Muitas vezes, a impressão que tenho é que as sensações que esta dança desperta em mim já estavam há tempos impressas no meu corpo, se mostrando, de vez em quando, quando encontravam alguma experiência que lhes cabia. (...) Ao tentar retomar tecnicamente o que havia surgido nessas experimentações, percebi que não conseguia

desvincular a sensação/estado que havia ficado das movimentações. Era o jeito de

fazer aquilo que me interessava; para conhecer melhor o que eu estava fazendo, era necessário “atravessar” o material criado, permitindo que essa dança me modificasse inteiramente. (...) Devo perceber o rastro que vou deixando enquanto danço. Devo construir, deixar-me contaminar, envolver e me modificar em um pulso que não muda nunca, se arrasta sem fim. E eu, insistindo em me arrastar pelo chão, delicada e intensamente, vasculho minhas sensações/ emoções/ ações e me transformo “em lesma” nessa dança que se faz em mim (Scheye, 2012, pp. 114-116 – grifos meus).

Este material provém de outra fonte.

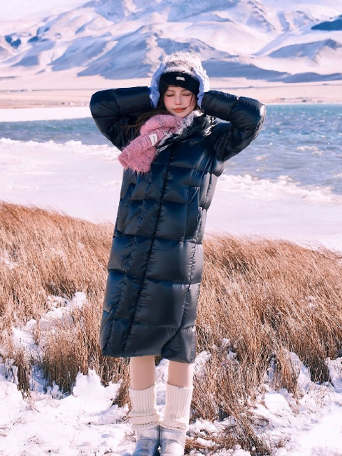 在蒙口羽绒服底下搭配短裙,同期配上一对长筒靴,增多膝盖以上、大腿以下的露肤面积,显瘦显腿长,举座造型也看着更洋气。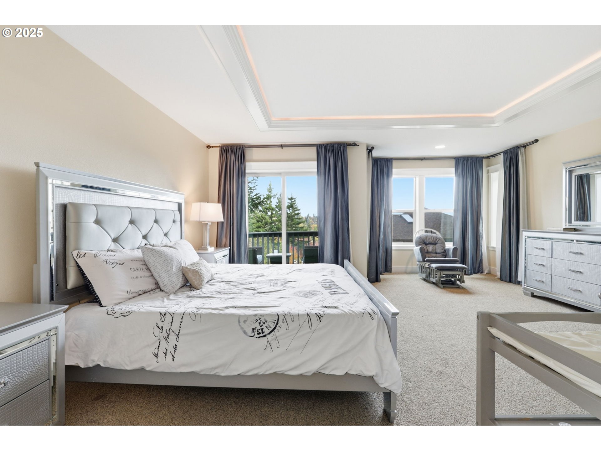 Built in 2007, this stunning custom home sits on a quiet cul-de-sac surrounded by nature and showcases beautiful stonework on the exterior. Inside, you’ll find Brazilian cherry hardwood floors, a formal living room with floor-to-ceiling windows and vaulted ceilings, and a formal dining room enhanced with wainscoting and crown molding. The open kitchen features slab granite countertops, stainless steel appliances, a pantry, custom cabinetry, an island, and built-ins—perfect for both everyday living and entertaining. Step outside to a brand-new Trex deck offering expansive territorial views and an unobstructed view of Mt. St. Helens. The main level also includes a living room with new carpet and a gas fireplace framed in stone, as well as a full bedroom with hardwood floors, a walk-in closet, and an adjacent full bath.Upstairs, an open wrought-iron staircase leads to the spacious primary suite with a lighted coved ceiling, walk-in closet, and luxurious ensuite bathroom featuring tile floors, dual sinks, a jetted tub, and a walk-in tile shower. A private balcony provides views of Mt. St. Helens and the surrounding landscape. Three additional large bedrooms, a hall bath with dual sinks and tile floors, and a laundry room with built-in shelving, sink, and tile counters complete the upper level. The home also offers new exterior black steel fencing, large walk in storage under the home, a three-car garage, A/C and no HOA. Conveniently located near Gresham’s Springwater Trail, parks, and with easy freeway access—this home perfectly blends elegance, comfort, and natural beauty. View the video walk through at: https://tinyurl.com/yfjnab2p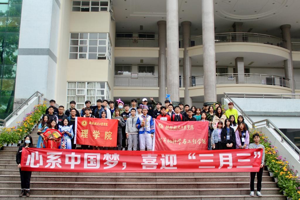 在“三月三”广西特有的民族节日到来之际,为了让同学们接受传统文化的熏陶,弘扬优秀的民族文化,2021年4月11日12:40分,由公海gh555000aa线路检测中心与计算机科学与工程公司携手策划的“心系中国梦,喜迎三月三”主题活动于北校区青春广场举办。活动分为民族文化知识竞答、抛绣球、民族服饰拍照以及跳竹竿舞,共四项活动。参与一个活动即可获得一个小印章,集满4个小印章可以兑换小奖品。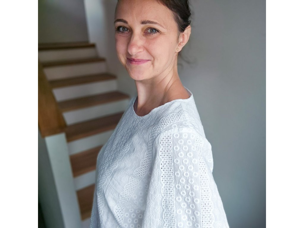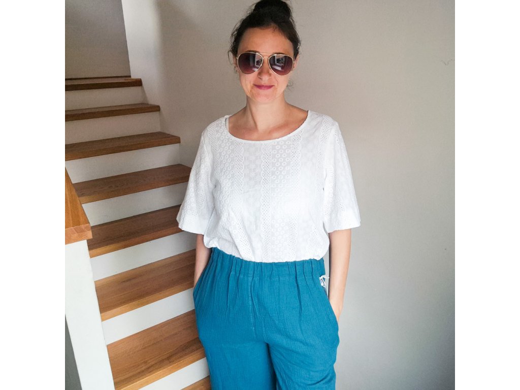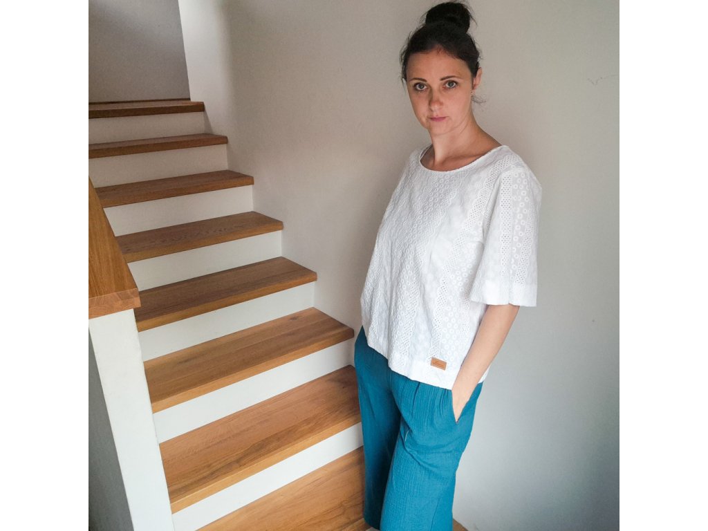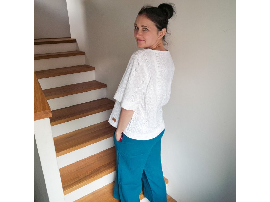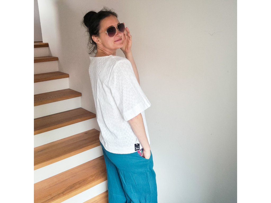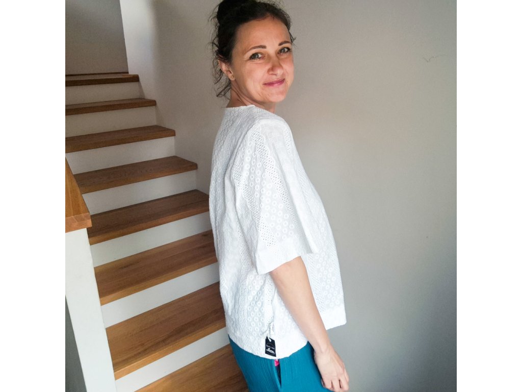 Halenka z jemné bílé madeiry je šitá ve volnějším střihu, který působí pohodlně a svěže. Díky univerzálnímu provedení padne velikostem 36 až 40. Rukávy sahají pod lokty a směrem dolů se rozšiřují, což dodává celému kousku lehkost a vzdušný charakter. Madeira se svou jemnou strukturou podtrhuje čistý a nadčasový vzhled.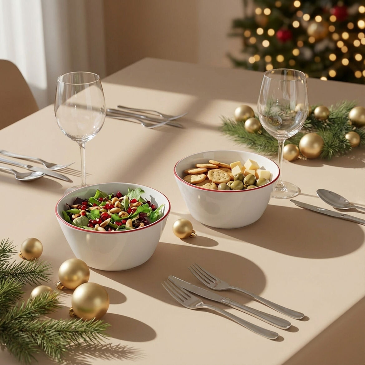 Yuvarlak formu ve ince kırmızı file detayıyla öne çıkan Red Glow Kase, salata, atıştırmalık ve servis sunumlarında şık bir tamamlayıcıdır. Yılbaşı sofralarına sıcak bir atmosfer katarken yıl boyunca her kullanımda modern ve sade bir estetik sunar. Dayanıklı bone porselen yapısıyla hem dekoratif hem işlevseldir.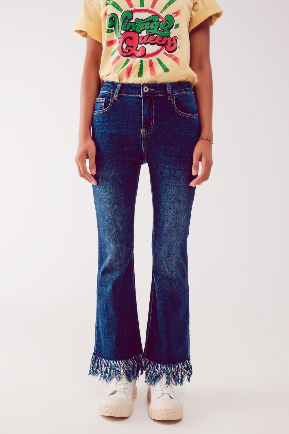 Sotto Categoria: Jeans. Modello: Taglio a zampa. Gamba: A zampa. stile: Modello Casual. Tipo di jeans: Basic. dettaglio: Orlo a frange . Tessuto: Denim elasticizzato. Tasche: Cinque tasche. Chiusura : Chiusura con zip. Bordo : Orlo sfrangiato. Dettagli del prodotto: Tasche pratiche. runs true to size. S.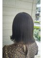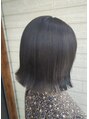 グリーンカラーの特徴は、透明感とスモーキーな質感。肌や髪にフィットしやすいカラーです。切りっぱなしボブは簡単なスタイリング方法で、雰囲気が変えられます。髪型に変化をつけて楽しみましょう!!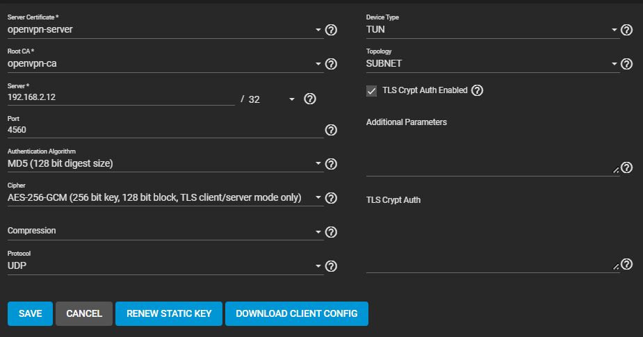Now I need to configure that builtin OpenVPN server to use the certs and keys that I have already generated.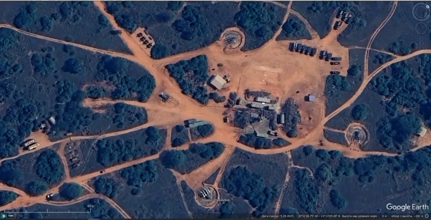 Спутниковый снимок Google Earth: позиция ангольского ЗРК С-125М1А на территории аэропорта Луанда. Снимок сделан в мае 2025 года

1.1.2.4 Desabituar, provocar, perder o fôlego: Estudos de Isabel Monteiro

Uma coberta de pelúcia. Num emaranhado, o tecido é colocado em uma parte da pele e girado. Depois, é aberto e deslizado para outras partes do corpo, por dentro da roupa, passando na pele do ventre, plexo solar e pescoço. Sensação de um movimento contínuo, suave e no universo da torção que ganha vida. A pelúcia segue a deslizar pelas costas e pernas, algumas vezes é abraçada por Isabel Monteiro. De bruços, apoiada nos antebraços e mãos, ela empurra-se para trás, deslizando o corpo pelo chão. Seguindo a fluidez do movimento, por vezes a cabeça entra e sai por entre os braços, os quais são sempre amplos. Caminhadas sobre os joelhos, no nível médio. Coluna sempre em movimento, pernas passando por dentro umas das outras, as vezes uma mão puxando uma perna. Combinações cinéticas que se acumulam no mover do corpo. Um olhar sempre no sentido do nível alto, deixando em evidência o branco do globo ocular. Queixo voltado para baixo. Deitada na lateral do quadril, apoio num dos antebraços, pernas alternam-se riscando o chão, um braço é lançado para trás, passando por cima da cabeça. Ao mover-se, uma melodia cíclica emerge como estratégia para desprogramar um padrão sensório-motor fluido e tão habitual, previsível e característico da bailarina. Perder e retomar o ar junto à melodia. O corpo encontra os locais de passagem dessa canção pela musculatura. As vezes é com uma onda a passar, em outras duas em simultâneo, em movimentos sem paragem. Descoberta de suspensões e quedas com a respiração. A melodia é cantada até que se perca o fôlego, levando cada expiração ao seu limite. Em seguida, uma queda. E o corpo volta a deslizar de maneira macia, para frente, para trás, girando em torno de si, subindo e descendo de nível até que estabiliza no nível alto. Para continuar com a sensação da pelúcia a deslizar pelo corpo, um dos pés arrasta-se no chão. O fluxo e as acumulações de movimento seguem sem cessar.

Figura 15 – Imagens still de gravações do projeto Sensorimemórias (2011). A criadora-intérprete Isabel Monteiro em experimentação com coberta de pelúcia.